§ What to do
Pictures aside, each entry has to be returned exactly as it stands.

━━━━━ Input data ━━━━━

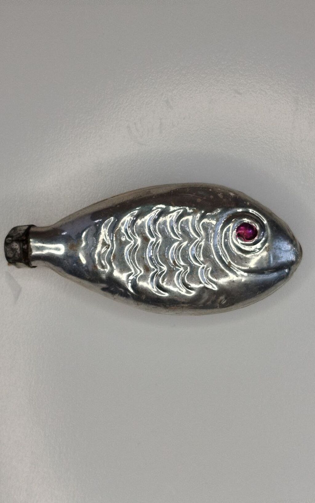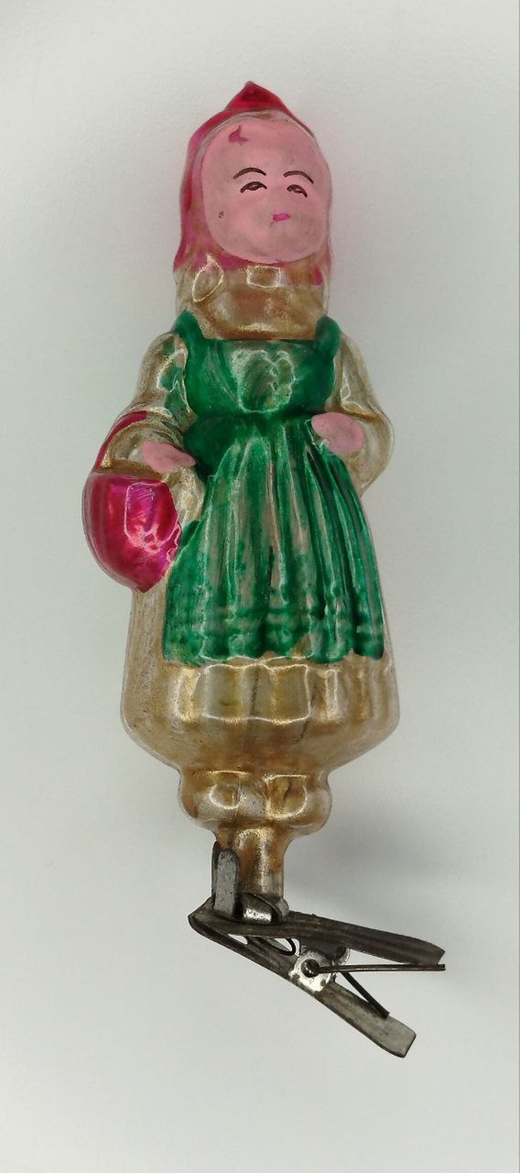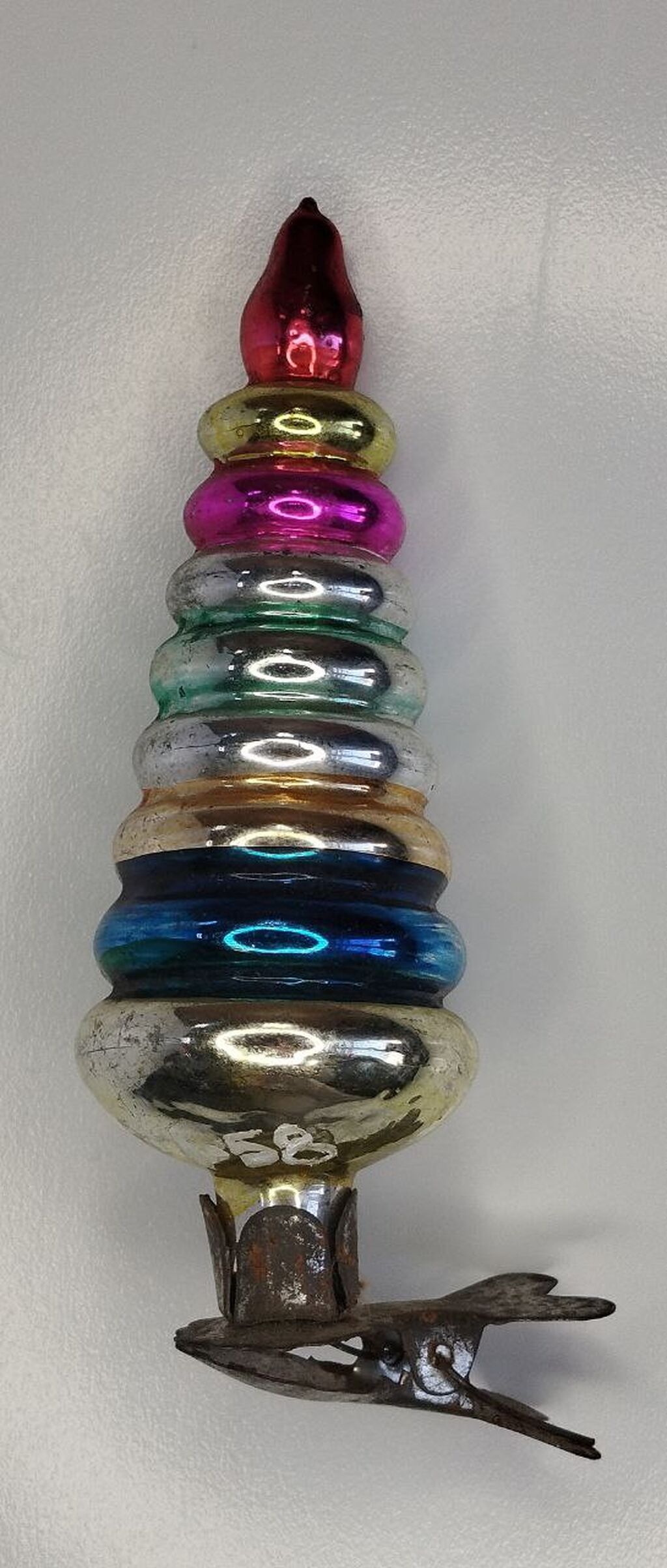 Елочная игрушка СССР на прищепке «Пирамидка». Выпуск 1950-1954 годов. Игрушка является подлинным образцом советского елочного декора середины прошлого века. Она несет в себе дух времени, отражая эстетику и технологии производства тех лет. Традиционное для того времени выдувное стекло, покрытое тонким слоем серебристого напыления и расписанное вручную. Это придает игрушке особую хрупкость и изящество.
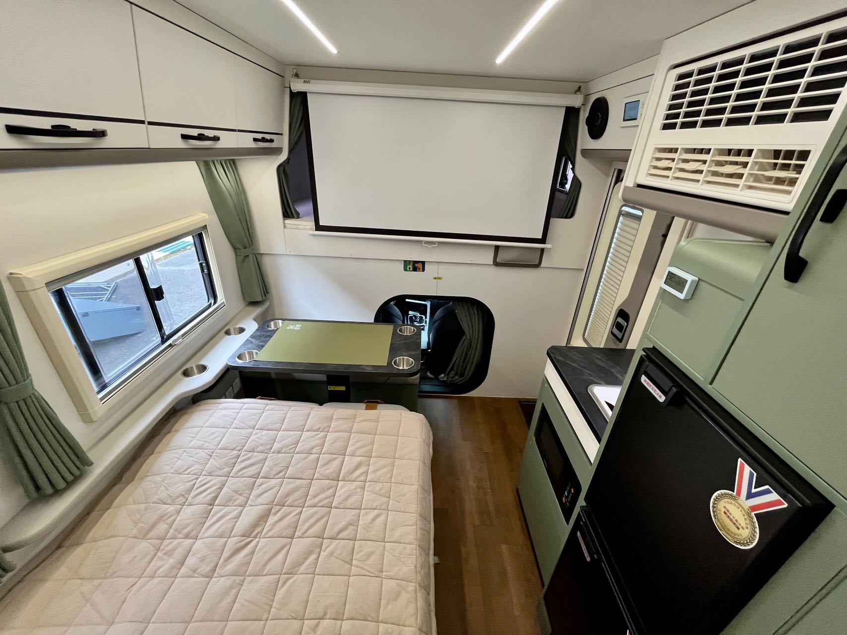 電器配置:48伏直流變頻空調,英得爾車載冰箱,微波爐,洗水池,水龍頭,洗衣機,燃油暖風,投影儀
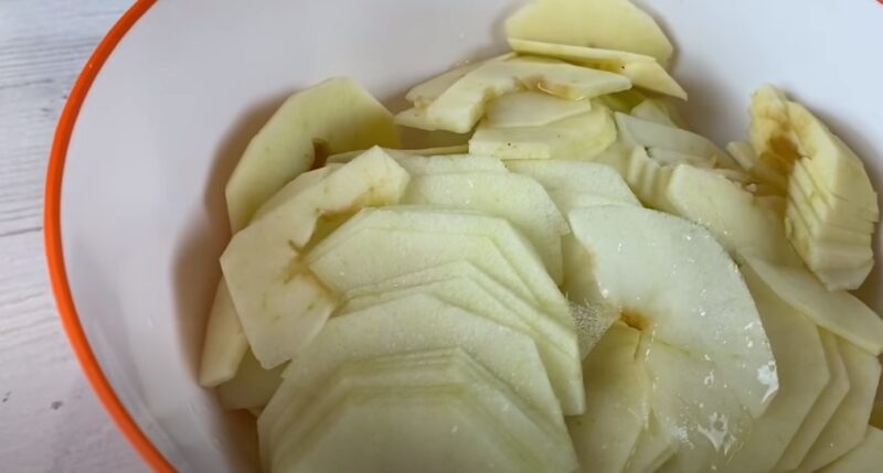 Очищаем яблоки от кожуры и сердцевины, нарезаем тонкими дольками. Сбрызгиваем яблочные дольки лимонным соком, чтобы мякоть не потемнела.
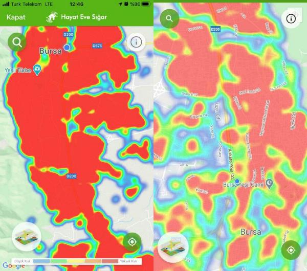 Bursa’da koronavirüs vakaları, son 3 ayda arttı. Vaka sayısındaki artış, HES uygulamasına da yansıdı. Uygulamadan 3 ay önce alınan risk haritası görüntüleri ile kasımın risk haritası görüntüleri arasında büyük fark olduğu görüldü.
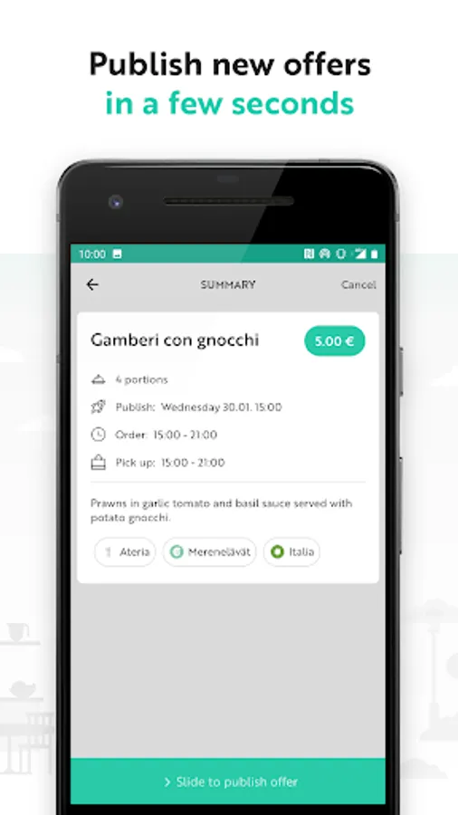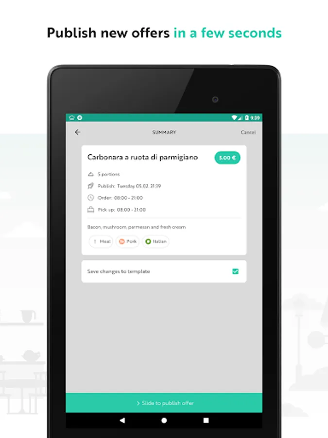 When closing your lunch or evening service for the day, you will do two things. First, you take a look at what's left over and calculate how many portions you can make out of it. Then, you publish these portions on our platform using our ResQ Partner app for Android.
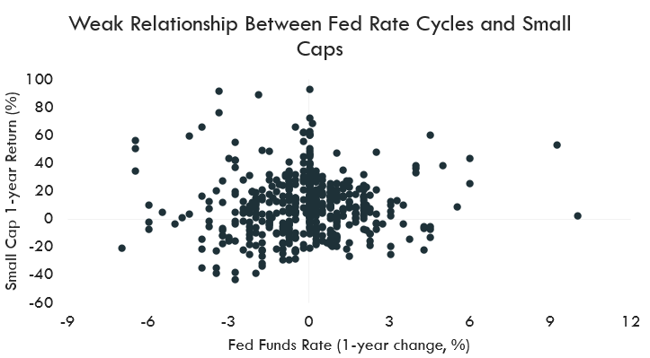 Source: Bloomberg, Innovator. Small Cap 1-Year Returns, represented by the Russell 2000 Index, shown relative to the starting US Federal Funds Rate. Past performance is not necessarily indicative of future results. One cannot invest directly in an index.
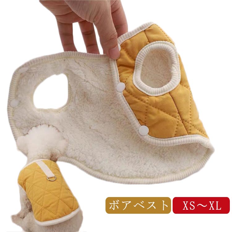 裏ボアで暖かい小型犬用のベスト。秋冬のお出かけやお散歩の防寒対策に◎スナップボタンで脱着カンタ♪背中側にはリングが付いておりお手持ちのリードとつなげれるのでハーネスが代わりとして使える。 サイズXS S M L XLサイズについての説明XS:胸囲30cm,背丈20cm; S:胸囲35cm,背丈25cm; M:胸囲40cm,背丈30cm; L:胸囲45cm,背丈35cm; XL:胸囲50cm,背丈40cm; 2XL:胸囲55cm,背丈45cm素材コットン、ポリエステル色イエロー備考 ●サイズ詳細等の測り方はスタッフ間で統一、徹底はしておりますが、実寸は商品によって若干の誤差(1cm〜3cm )がある場合がございますので、予めご了承ください。 ●商品の色は、撮影時の光や、お客様のモニターの色具合などにより、実際の商品と異なる場合がございます。あらかじめ、ご了承ください。●製品によっては、生地の特性上、洗濯時に縮む場合がございますので洗濯時はご注意下さいませ。▼色味の強い製品によっては他の衣類などに色移りする場合もございますので、速やかに(脱水、乾燥等)するようにお願いいたします。 ▼生地によっては摩擦や汗、雨などで濡れた時は、他の製品に移染する恐れがございますので、着用の際はご注意下さい。▼生地の特性上、やや匂いが強く感じられるものもございます。数日のご使用や陰干しなどで気になる匂いはほとんど感じられなくなります。

━━━━━

§ Result of the task
 Елочная игрушка СССР на прищепке «Пирамидка». Выпуск 1950-1954 годов. Игрушка является подлинным образцом советского елочного декора середины прошлого века. Она несет в себе дух времени, отражая эстетику и технологии производства тех лет. Традиционное для того времени выдувное стекло, покрытое тонким слоем серебристого напыления и расписанное вручную. Это придает игрушке особую хрупкость и изящество.
 電器配置:48伏直流變頻空調,英得爾車載冰箱,微波爐,洗水池,水龍頭,洗衣機,燃油暖風,投影儀
 Очищаем яблоки от кожуры и сердцевины, нарезаем тонкими дольками. Сбрызгиваем яблочные дольки лимонным соком, чтобы мякоть не потемнела.
 Bursa’da koronavirüs vakaları, son 3 ayda arttı. Vaka sayısındaki artış, HES uygulamasına da yansıdı. Uygulamadan 3 ay önce alınan risk haritası görüntüleri ile kasımın risk haritası görüntüleri arasında büyük fark olduğu görüldü.
 When closing your lunch or evening service for the day, you will do two things. First, you take a look at what's left over and calculate how many portions you can make out of it. Then, you publish these portions on our platform using our ResQ Partner app for Android.
 Source: Bloomberg, Innovator. Small Cap 1-Year Returns, represented by the Russell 2000 Index, shown relative to the starting US Federal Funds Rate. Past performance is not necessarily indicative of future results. One cannot invest directly in an index.
 裏ボアで暖かい小型犬用のベスト。秋冬のお出かけやお散歩の防寒対策に◎スナップボタンで脱着カンタ♪背中側にはリングが付いておりお手持ちのリードとつなげれるのでハーネスが代わりとして使える。 サイズXS S M L XLサイズについての説明XS:胸囲30cm,背丈20cm; S:胸囲35cm,背丈25cm; M:胸囲40cm,背丈30cm; L:胸囲45cm,背丈35cm; XL:胸囲50cm,背丈40cm; 2XL:胸囲55cm,背丈45cm素材コットン、ポリエステル色イエロー備考 ●サイズ詳細等の測り方はスタッフ間で統一、徹底はしておりますが、実寸は商品によって若干の誤差(1cm〜3cm )がある場合がございますので、予めご了承ください。 ●商品の色は、撮影時の光や、お客様のモニターの色具合などにより、実際の商品と異なる場合がございます。あらかじめ、ご了承ください。●製品によっては、生地の特性上、洗濯時に縮む場合がございますので洗濯時はご注意下さいませ。▼色味の強い製品によっては他の衣類などに色移りする場合もございますので、速やかに(脱水、乾燥等)するようにお願いいたします。 ▼生地によっては摩擦や汗、雨などで濡れた時は、他の製品に移染する恐れがございますので、着用の際はご注意下さい。▼生地の特性上、やや匂いが強く感じられるものもございます。数日のご使用や陰干しなどで気になる匂いはほとんど感じられなくなります。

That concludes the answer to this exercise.